The Metal Gear Solid series has never leaned towards the objectification of one gender or the other. It isn’t beyond Kojima to dress Snake up in an outfit just as skimpy as Quiet’s. In fact, I would say that the sneaking suits themselves are already a form that showcased the character’s physique. A female dressed in a skin tight sneaking suit would certainly raise a lot of eyebrows, but it’s considered comical and humorous when Snake shows off his toned butt while crawling on the ground. We laugh when we watch Raiden prance around in high heels or when Snake and Kaz get cozy under a cardboard box. Male sexualization is prevalent in this series and yet it’s always seen as a joke and is never really met with anything other than laughter.

Otacon weeps (again) for the humiliation that males go through in this franchise...

Otacon weeps (again) for the humiliation that males go through in this franchise…

This series has been rather consistent in its depiction of gender roles thus far, giving us a fair share of female characters like Sniper Wolf, The Boss, and Eva. It simply wouldn’t be fair to chastise the series because the individuals who get subjected to torture and abuse in its latest instalment happen to be women; especially since it is a well-known fact that the series contained such elements previously and that torture isn’t anything new to the Metal Gear series. Therefore, claims that Metal Gear Solid V is a game that promotes the subjugation and violence against females probably shouldn’t be validated.

As a female gamer myself I do feel very strongly against video games that insist on including highly sexualized female characters just to showcase sex appeal. It is undeniable that female representation is a subject matter that is only just starting to gain momentum in the video game industry. The industry still has a long way to go before equality in representation of various subgroups like gender, race, and orientation is achieved. With that, perhaps the community should be focusing more on games that actively feature such poorly represented characters instead of creating drama for a franchise that has been fair in its portrayal of genders and race. Metal Gear Solid is not one of those games.


The very fact that Metal Gear Solid is receiving so much bad publicity for its treatment of Paz and Quiet only serves to highlight the hypocrisy of the gaming community. Why rag on a franchise whose latest installment features women getting tortured when it’s been giving the exact same treatment to men for over a decade now? As a narrative that places emphasis on the effects and horrors of warfare, such segments are inevitable in driving its narrative forward. Gamers really shouldn’t be too surprised that the torture of females would be present in such a story.

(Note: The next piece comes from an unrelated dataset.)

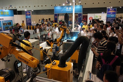 時(shí)代展區(qū)按展品的類(lèi)型分為時(shí)代弧焊機(jī)器人設(shè)備、TD系列全數(shù)字焊機(jī)、焊接培訓(xùn)模擬儀、焊接材料等四個(gè)主題,還提供了技師演示、咨詢(xún)接待、微信互動(dòng)等服務(wù)。其中,焊接機(jī)器人、微信互動(dòng)獨(dú)具魅力。時(shí)代微信打印機(jī)為觀眾定格美麗,時(shí)代機(jī)器人以其優(yōu)質(zhì)精良的焊縫和精準(zhǔn)高效的焊接動(dòng)作折服了現(xiàn)場(chǎng)觀眾,令不少青年人躍躍欲試親自操控機(jī)器人動(dòng)作。焊接培訓(xùn)模擬儀也令人印象頗深。觀眾們紛紛參與演示活動(dòng),通過(guò)VR眼鏡體驗(yàn)3D立體焊接畫(huà)面,實(shí)時(shí)觀測(cè)焊槍與焊接空間的距離,模擬真實(shí)的焊槍手感,同步立體顯示操作動(dòng)作。

Kojima assures us that the Metal Gear Solid V torture scene has been put into the game for a good reason, especially since it’s a story about taking revenge and the brutality of the battlefield, and quite frankly, I can buy that. I can buy Kojima’s statement because it makes sense in terms of the narrative and the series’ own history. We can’t speak to his reasons for putting Quiet in tights and a bikini but it shouldn’t be forgotten that this series is notorious for putting its male characters in questionable, skin-exposing outfits as well.

Perhaps the best way to approach Metal Gear Solid V would be to do it with an open mind while remembering the history of brutality that previous Metal Gear games have tried to open us up to. After all, we can’t really make any judgments on the game’s portrayal of torture and women until we’ve played the final game for ourselves.